Un léger vent fit danser ses mèches rousses, serrant son sac à main contre son ventre, ses grands yeux clairs s'humidifièrent de petites perles de larmes qu'elle tenta de retenir.
- Y vais-je n'y vais-je pas?
Un frisson parcourut son dos, et elle resta figée, sans répondre, sans un bruit.
- Je me suis posée la même question, Elyne. Ha, la douce et belle Elyne...La mystérieuse diva qui ne se donne pas, la beauté froide qui vous glace le sang et la tristesse qui vous envahit quand elle vous laisse seul là où elle vous a pris la main. Cette main tendre et tiède que vous ne voudriez plus lâcher, ce petit cœur blessé qu'on aimerait réparer, cette jeune femme divine que vous aimeriez aimer, ce corps gracieux que vous désireriez caresser...Elyne, un poème, un rêve, une fantaisie. Allait-elle se transformer en réalité pour moi, ce soir? Et pourquoi, pour moi?
De chaudes et petites larmes glissaient le long de ses joues roses, les yeux clos et les lèvres grelottantes, Elyne n'osa se retourner. Elle eut peur d'affronter ce regard, ce visage émanant la vérité. Il s'approcha d'elle, et murmura:
- Et maintenant, on peut traverser la rue et aller boire un verre...Sans états d'âme.
Elyne acquiesça et se laissa emporter par ce garçon, comme une brise fraîche au printemps, les pas de Justin guidaient les siens et elle le laissa choir sur une chaise comme une feuille en automne chu sur le chemin.
Ils échangèrent un regard, il sourit. Elle détourna le regard en souriant, puis commanda un verre et leur soirée à deux commença ainsi.

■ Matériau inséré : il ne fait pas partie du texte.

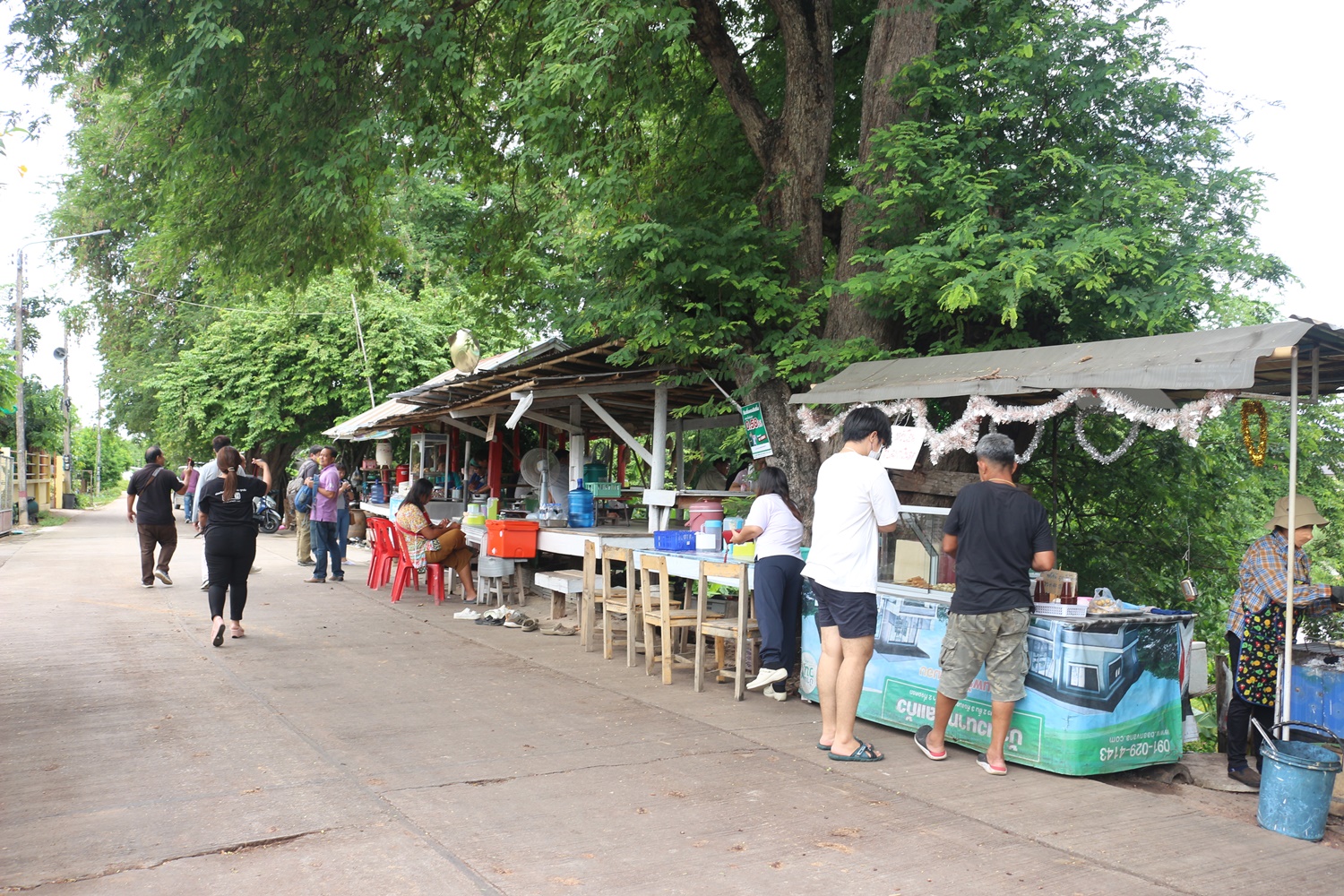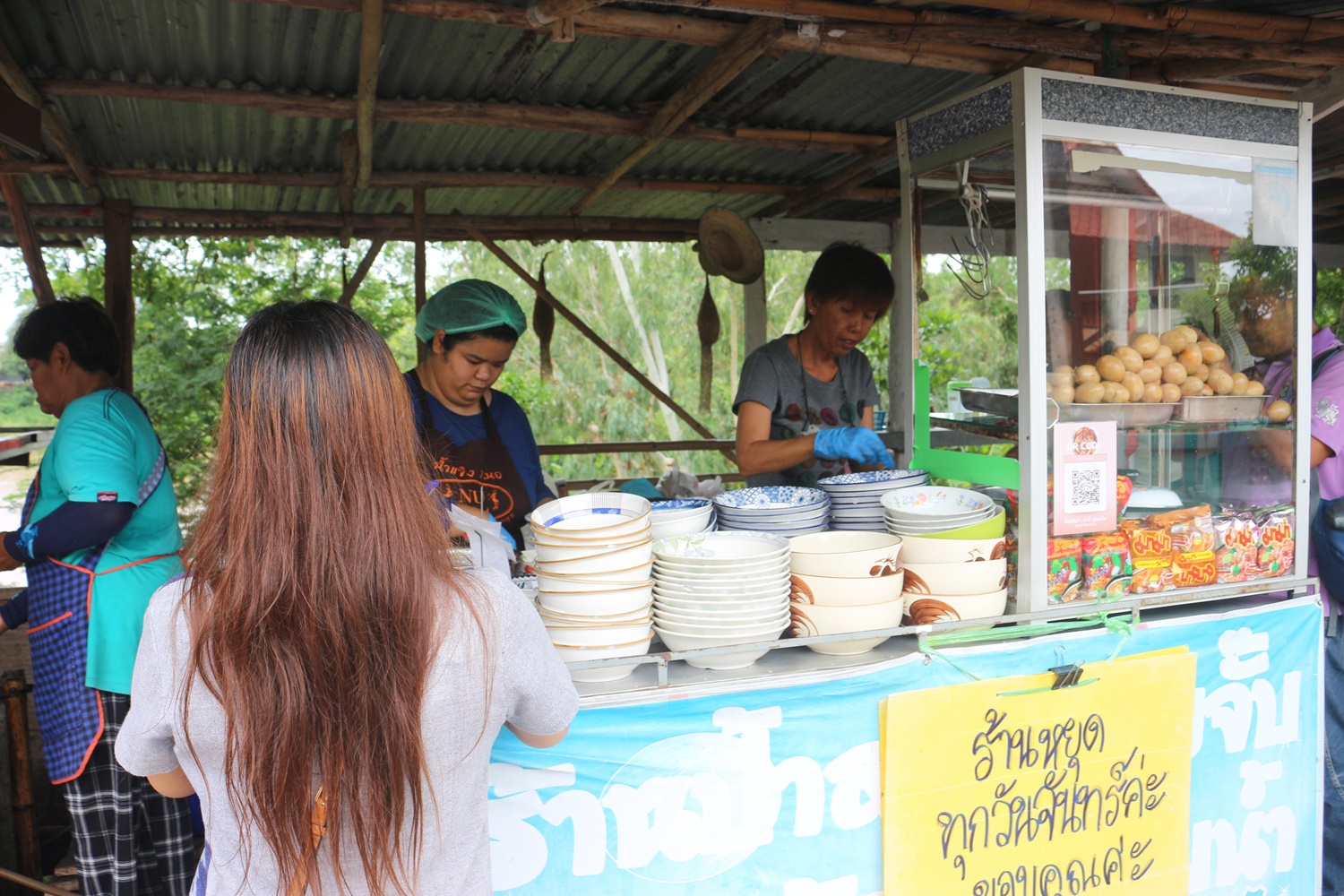 ถ้านั่งทานที่ร้านก็มีให้เลือกหลายมุม จะนั่งทานในบ้าน นั่งชิลข้างทาง หรือจะนั่งห้อยขาริมน้ำ ก็มีให้เลือก แล้วบรรยากาศที่ร้าน เพราะความที่อยู่ริมแม่น้ำน่านจะมีข้อดี คือลมพัดเย็นสบาย นั่งชิลๆ เพลินๆ เปิดขายตั้งแต่ 9 โมงเช้า แต่เวลาปิดไม่แน่นอน เพราะบางที 11 โมงเช้า ก็หมดแล้ว เพราะลูกค้าจะแน่นตั้งแต่ร้านเปิด และตนจะทำเท่าที่ไหว พอของหมดก็ปิด

Doucement, timidement. S'apprivoisant l'un, l'autre. Elyne se laissa impressionner par le jeune homme qui ne faisait pas le fier devant une personnalité telle que celle d'Elyne.
Ils finirent par faire l'amour, dans l'appartement de la jeune femme. Elle n'avait pas reçu d'hommes ici depuis une longue période, elle se sentait embarrassée par la situation tandis que Justin n'en croyait pas ses yeux.
Jamais il n'avait ressenti pareil désir. Devant ce corps absolument ravissant, comme intouchable, il se sentait privilégié comme devant une œuvre d'art qu'on est autorisé à frôler du doigt et pas seulement avec les yeux.
Il prit le temps de redessiner cette œuvre du bout des doigts, traçant le parcours de son corps délicatement, chaque courbe lui glissait sous la main. Elyne frissonnait, elle réapprenait à aimer tant de douceur et de tendresse humaine.
Puis, le baiser, le moment le plus intense entre deux individus se désirant. D'un baiser tout se déclenche, d'un baiser tout commence. Et, en un baiser, on sait si la personne en face et celle avec qui l'on veut partager pour un moment, sa vie.
Et Elyne devina qu'avec Justin, tout se transformerait, qu'elle saurait s'apprécier tout en appréciant cet homme.